On 4 December 2017, the then Treasurer (and now Prime Minister), the Hon Scott Morrison MP, directed the ACCC to conduct an inquiry into digital platforms. Over 120 submissions were received in response to the Preliminary Report, which was published on 10 December 2018. The final report was published on 26 July 2019 after having been provided to the Government. The inquiry looked at the impact that digital search engines, social media platforms and other digital content platforms are having on competition and advertising markets.

Code for (copyright) Kats

Under Australia’s Copyright Act 1968, there is no express take-down mechanism: instead, digital platforms such as Twitter, Google, Facebook argue in their submissions (here, here and here) that they already implement a variety of processes for rights holders to request the removal of infringing content. However, other submitters to the inquiry indicate that existing processes often do not enable effective, adequate reporting or removal of infringing material. For instance, as noted by the Australian Copyright Council, specifing that (here)--
Take-down processes will provide limited assistance where certain content, such as live music concerts or sporting matches, are not dealt with immediately.
More generally, rights holders note that there can be significant delays and costs associated with requesting take-down notices from digital platforms under the current arrangements. These concerns go to the fact that digital platforms do not have clear policies or time frames for the removal of infringing content. A key issue for rights holders in this regard is the significant time and resources that they must expend in monitoring online content to protect their copyright. Another issue on which rights holders and digital platforms have diverging views is the resurfacing of similar infringing content after a report has been made.

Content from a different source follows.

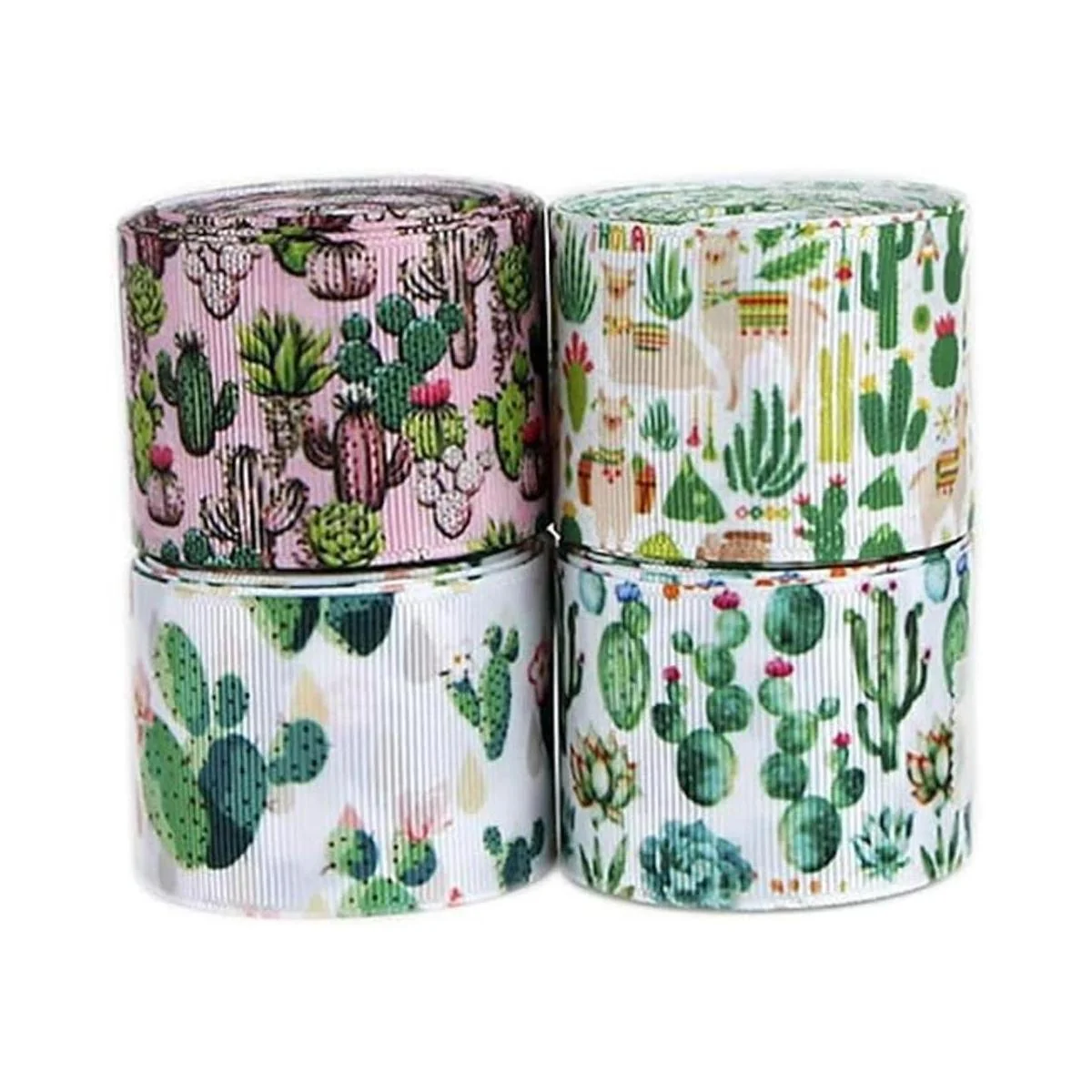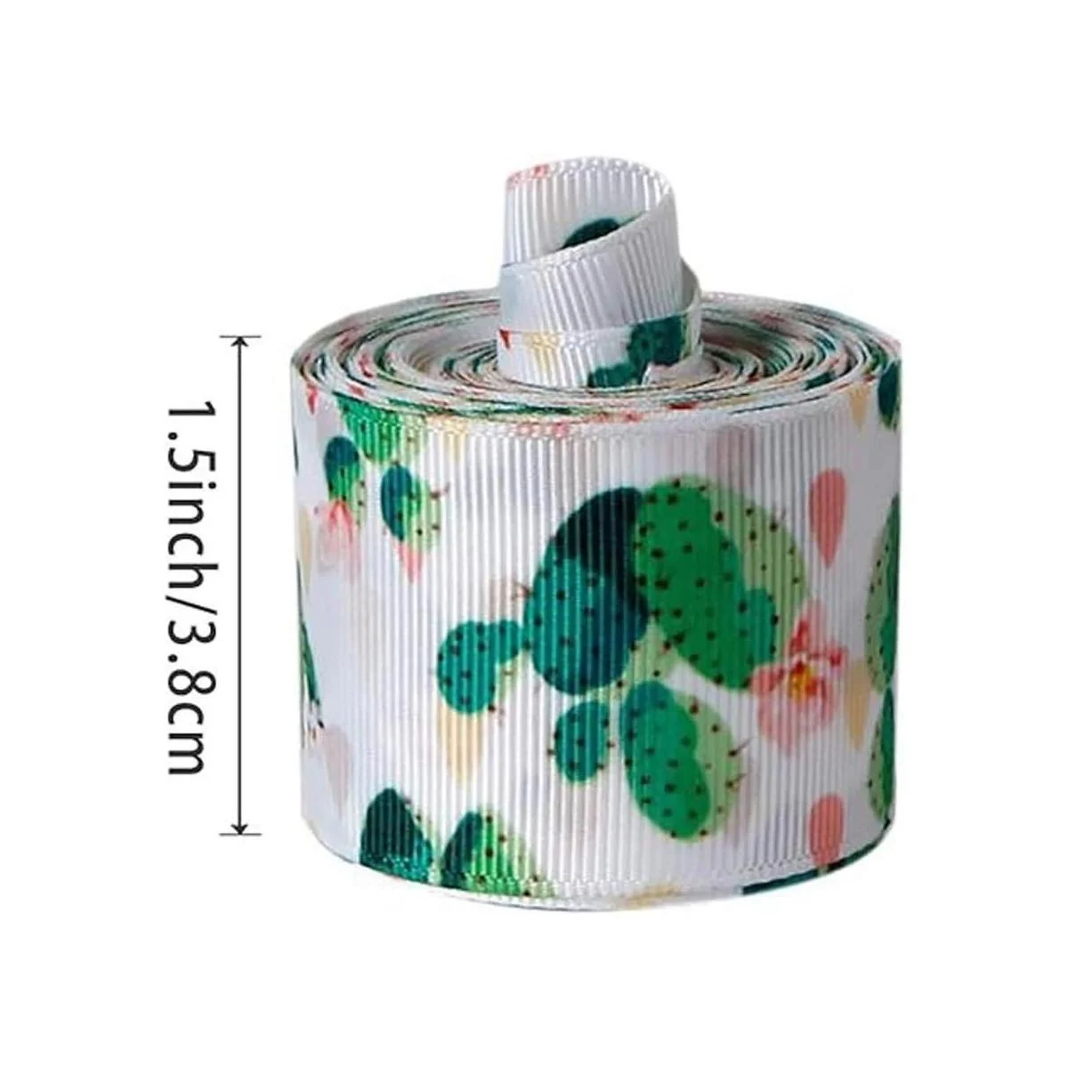 Samanter Cinta de impresión de cactus de 1.5 pulgadas para plantas de verano de flores de arpillera para regalo coronas de árboles, manualidades, decoraciones de vacaciones de 5 yardas x 4 rollos

The ACCC, in its inquiry report, considers that enforcement could be aided by a mandatory take-down code that provides clear standards surrounding the withdrawal of copyright-infringing content on digital platforms. Among its 23 recommendations, the ACCC proposed (Recommendation 8) a take-down code to assist copyright enforcement on digital platforms, which would be administered by the Australian Communications and Media Authority (ACMA).

Clear as day?

The ACCC recommends that the development of take-down procedures for copyright infringing content should be set out in an industry code determined by the ACMA. The ACCC advocates that this could be implemented by a similar scheme to that under the Telecommunications Act 1997 (at p. 275):
… [A]n industry code could be supported by a similar penalty regime as that applicable to mandatory industry codes registered under Part 6 of the Telecommunications Act, where contravention of a code may be met with a formal warning issued by the ACMA and civil penalties of up to AU$250 000 for each contravention.
An industry code may also assist rights holders in establishing a cause of action under the Copyright Act 1968. To accomplish this, these specific rules would need to be wholly set out in the code, following extensive consultation with stakeholders. The Government is now inviting submissions on the final report until 12 September.

Picture is by Wilson Afonso and is licensed under the Creative Commons Attribution 2.0 Generic license.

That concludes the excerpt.